My mother was reminding me that she would always be there with me in spirit. She would endure in my heart as the mother I loved. That would never change.

In April 1968, a few weeks before she died, Mama called me to her room. It was the night of the senior prom. “Turn around,” she said as I walked through the door. “Mary Jo showed me the material she was going to use to make your dress. Come closer so I can see how lovely you are. Now turn around so I can see the back. Come sit by me. I have something for you.”

Mama reached beneath the cover and retrieved a small gift box. “This is your graduation present, but I am so excited about all of this that I just can’t wait that long, and I knew they would look so pretty with your dress.
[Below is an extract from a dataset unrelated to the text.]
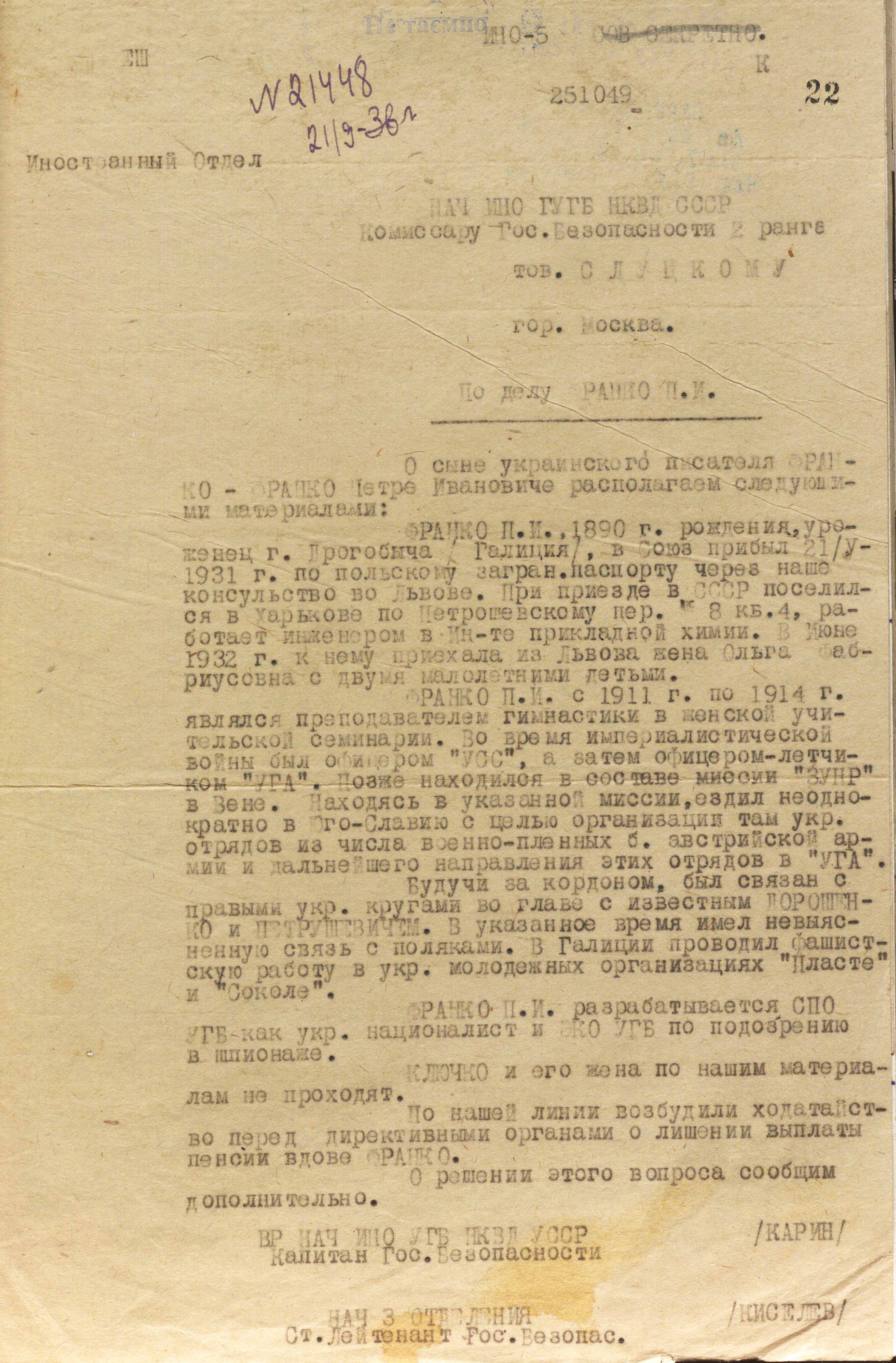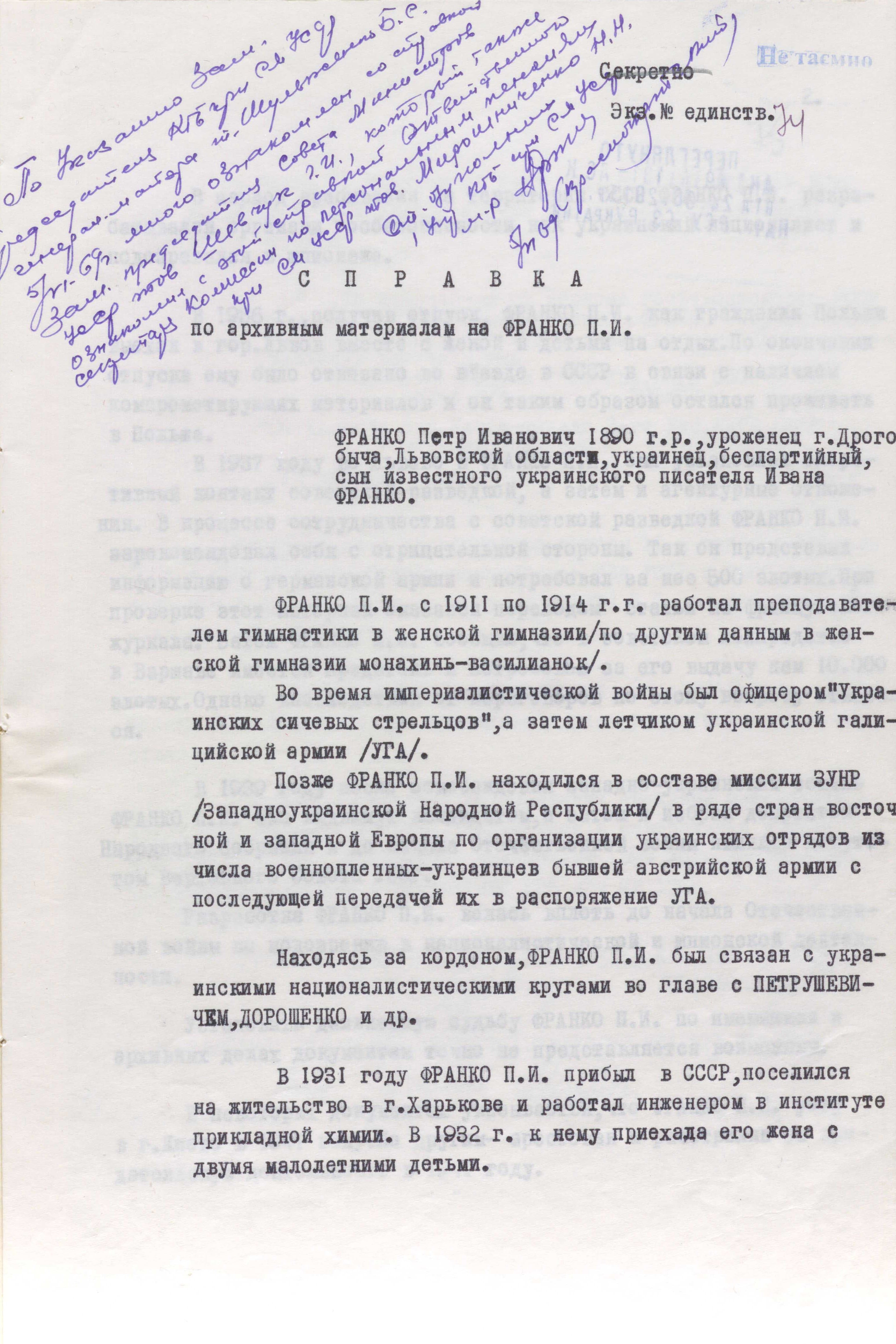 “...According to the oral information received from the people’s commissar for state security of the Ukrainian ssr comrade Savchenko, Franko Petro Ivanovych was shot dead for treasonous activities at the beginning of the German-soviet war.

I can’t wait to see them on you.”

I took the pair of small diamond earrings from the box and put them on.

“Now, keep your hair pulled back so everyone can see them. Give me a kiss and go have some fun.” Mama lay back on the pillow. “I want to hear all about it real soon.”

I never got to tell Mama about that night. I sometimes wish I could have. Some years later, I took those earrings and had them mounted on either side of the diamond in my engagement ring to remind me of the night Mama said goodbye.

“This is where your grandmother walked …” Me, Leigh, and Burns in Gulf Shores, Alabama, 1990.